Bruce Blythe makes his living talking angry people down. Not off the ledge, or from the bridge, but from the potential to inflict harm on their bosses and co-workers. Blythe, Chairman of Crisis Management International, shared much of his insight on the topic to attendees during a session today at the National Workers’ Compensation and Disability Conference in Las Vegas.
Blythe and his company can be hired to intervene when a company is dealing with a potentially dangerous (often recently terminated) employee. He indicates that the understanding of a violent mind is an essential part of this process. The underlying issues for many prone to violence include rejection and failure, with a high correlation to low self esteem. The person prone to workplace violence, statistically likely to be male, must feel superior to others in order to feel better about themselves and to gain a sense of control.
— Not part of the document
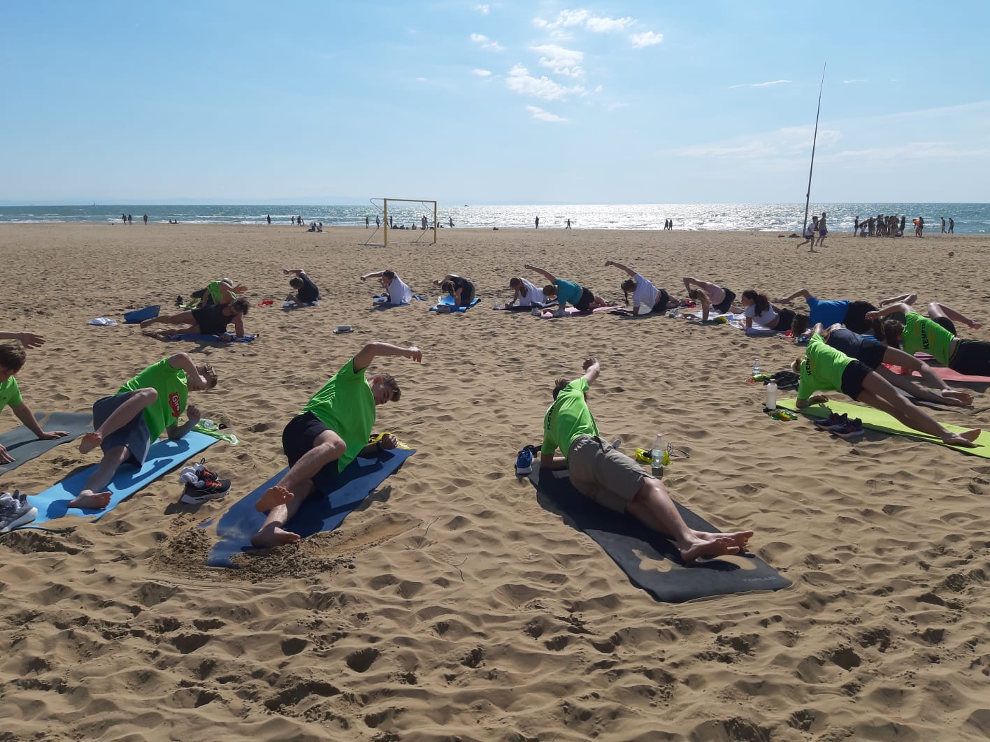 Schon am Abend des Anreisetages starteten wir das Trainingslager, gestärkt von dem ersten Pasta-haltigen Abendessen, mit einer zweistündigen Trainingseinheit auf der 50m Bahn, die sich gleich neben unserer Unterkunft befand. Danach wurden wir von der Betreuerin Birgit noch mit selbstgebackenem Kuchen versorgt, bevor es auch schon ins Bett ging. Morgens um acht begann der Tag mit einer Runde Laufen zusammen mit Britta und Birgit, der man sich freiwillig anschließen konnte, oder man traf sich am Strand zum Yoga. Doch gerade die Jüngeren des Teams waren froh um die zusätzliche Stunde Schlaf vor dem Frühstück um neun. Vormittags trafen wir uns auf einem nahegelegenen Fußballplatz zum Athletiktraining, welches ebenfalls Birgit übernommen hatte. Vor dem Mittagessen stand dann nur noch die erste Schwimmeinheit des Tages auf dem Programm. Die Nachmittage haben wir immer am Strand verbracht, um gemeinsam Volleyball oder Fußball zu spielen, Musik zu hören oder um sich auszuruhen. An einem besonders warmen Tag haben wir uns mit Brittas Einverständnis (sie fürchtete oft eine Erkältungswelle unter ihren Schwimmern, die sich bei Wind und Wetter in die Fluten stürzen wollten J) ins Meer gewagt. Dann, nach dem Abendessen, waren alle gespannt auf die zweite Wassereinheit des Tages, welche uns noch einmal alles abverlangte. Doch Britta wäre nicht Britta, wenn sie uns nicht immer und immer wieder aufs neue motiviert hätte und so hatte man Spaß daran, jedes noch so harte Training zu schwimmen.

This low self esteem often leads to bullying behavior on the job, and leads this type of person to blame everyone else for their problems; it is simply easier than having to look inward and accept personal responsibility.
Such a person, suddenly terminated (often for reasons related to their behavior), will feel that they have been unfairly targeted, and that the action taken toward them is completely unjustified. The violence prone employee will often make verbal threats towards their employers and others they hold accountable for their problems. Blythe indicated that part of the mental process for these people can include fantasizing about how and where they will take their targets out.
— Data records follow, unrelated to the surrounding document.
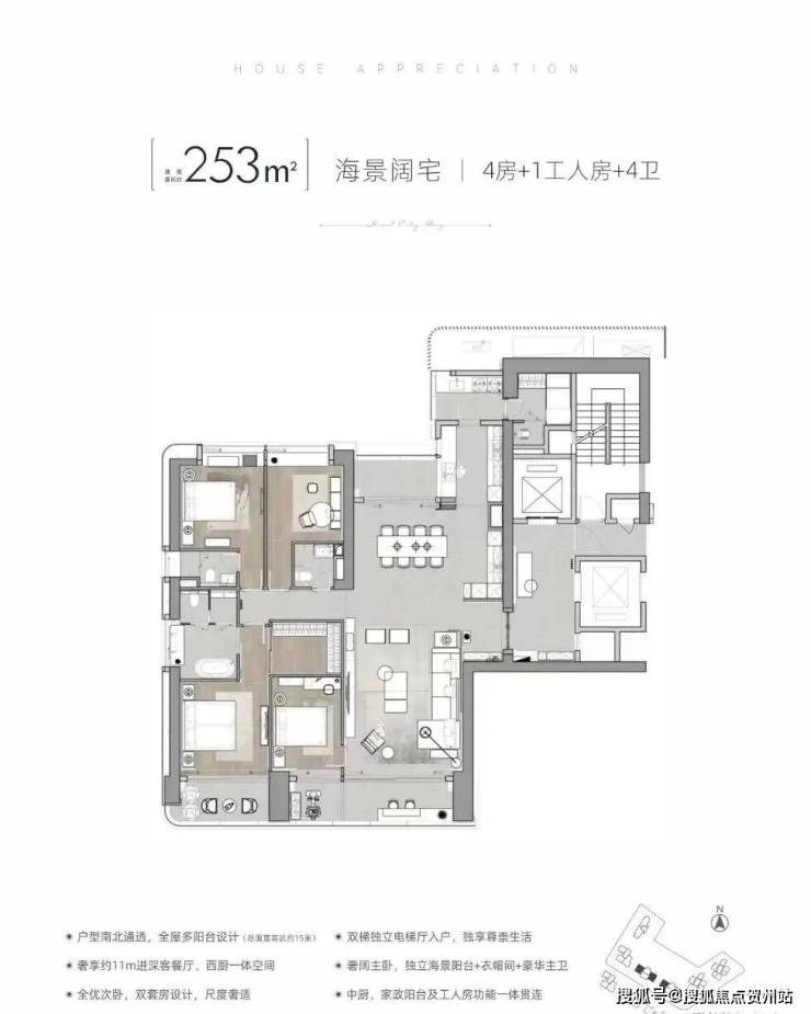 3-4单元为总高53层的商品住宅楼,4梯3户,总计约848户。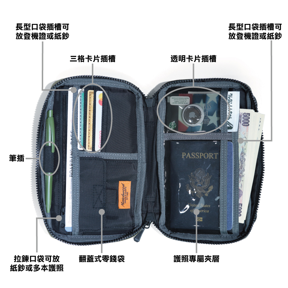 【Matchwood】Safaris 斜背手拿兩用護照包 斜背護照存摺收納包長夾 小包 小側背包 3色 SP-015橄欖綠款|全黑款|灰色款Passport Holders & CoversKIPLEO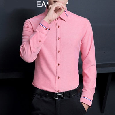 MIACAWOR Spring Long-Sleeve Dress Shirts Men Fashion Oxford Camisa Masculina Slim Fit Casual Shirt White C274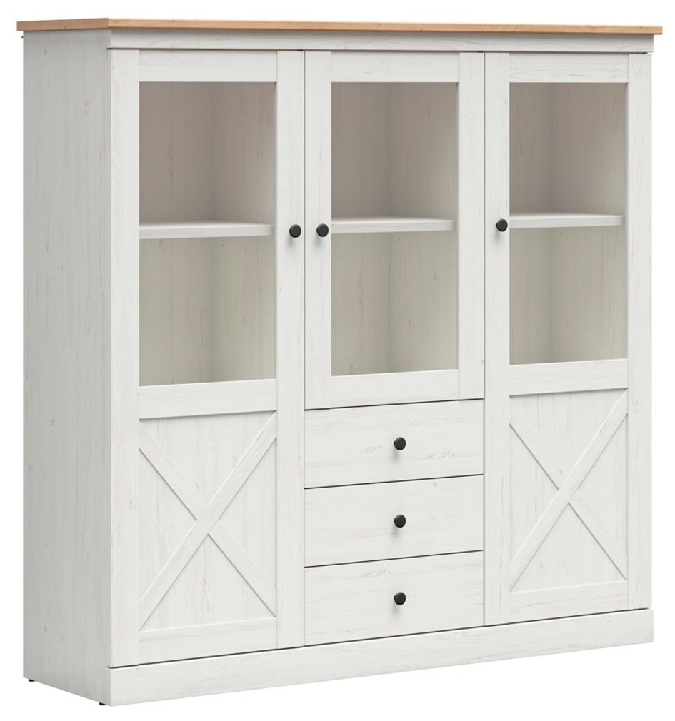 Trokrilna vitrina Frija je dovršena kombinacija funkcionalnosti i estetike, osmišljena za suvremene interijere, gdje su red i elegancija jednako važni. Korpus od iverice i staklene fronte tvore harmoničnu cjelinu u kombinaciji boja bijelog andersenovog bora i artisan hrasta. Precizno izrađena u tvornici Black Red White u Poljskoj, vitrina nudi pouzdanu kvalitetu i promišljene detalje koji nadopunjuju svaki prostor – od dnevnog boravka do blagovaonice.
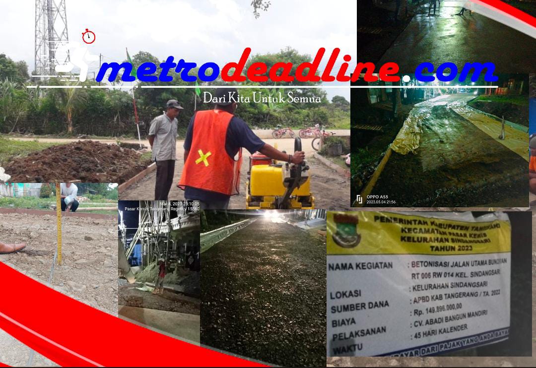 metrodeadline.com, Tangerang – Pengerjaan proyek betonisasi jalan utama bundaran Rt 006/014 Kelurahan Sindangsari Kecamatan Pasar Kemis Kabupaten Tangerang-Banten yang belum lama ini rampung di kerjakan diduga kuat Expayet dan sarat dengan kecurangan.
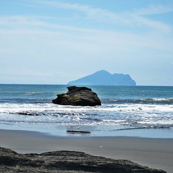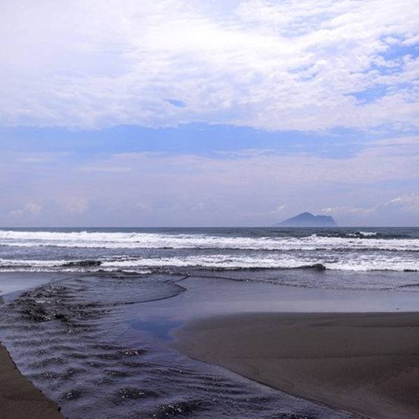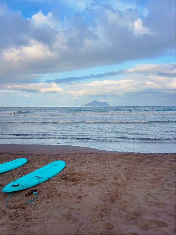 宜兰外澳双狮海滩,沙滩对岸是龟山岛🐢北台湾热门的冲浪点之一,它的浪非常适合冲浪,每分钟都有一道浪涌过来🌊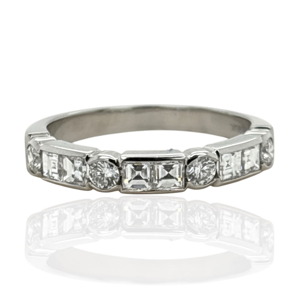 SQUARE & ROUND CUT HALF ETERNITY DIAMOND SET PLATINUM RING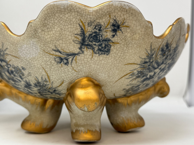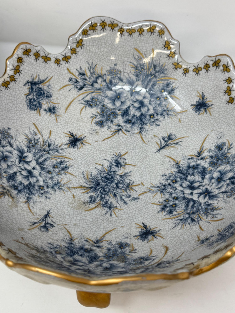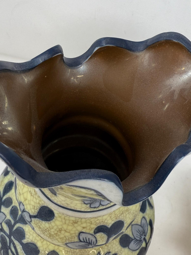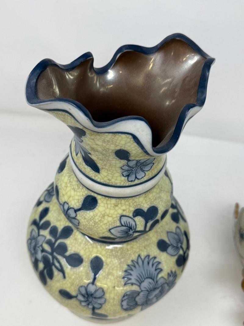 Chinese Crackle Vase and Footed Bowl Crackle vase with scalloped top is 7x13”

Blythe openly shared how they go about diffusing the situation. He will contact the employee as a neutral third party, telling them their employer had concerns about the fairness of the termination. He says it is critical that the potentially violent person be heard and understood, has his self worth bolstered, and feels a sense of fair treatment. He will be sympathetic to their view, and assures them that he will personally take their concerns to senior management.
This process, along with a specific follow up timeframe, is, according to Blythe, critical in defusing the violent mind.
Part of the process includes what Blythe referred to as the "I have a question" technique. This method apparently makes it easy to overcome objections and stop rants in their tracks, simply by saying, "I have a question: What would you want or need to resolve this?" They also work to expand this persons options, in case they cannot get what they want from the process.
This approach raised a few eyebrows, I am sure, but Blythe explained that a skilled Threat Specialist must go in the same direction as the threatening persons energy, and strategically align with them. Once they have gained their trust, listened to their concerns, and instilled a sense of fairness with the person, they can then try to move them in a positive direction. Blythe even indicated that sometimes these people do get some concessions or assistance from their former employers.
He was quite honest with the group, saying that while it might not be fair, the potentially violent employee may get more than a quiet, more reasonable person in the same position. While that might be counterintuitive and somewhat grating to a CEO dealing with this issue, it beats a bullet in the head, any day of the week.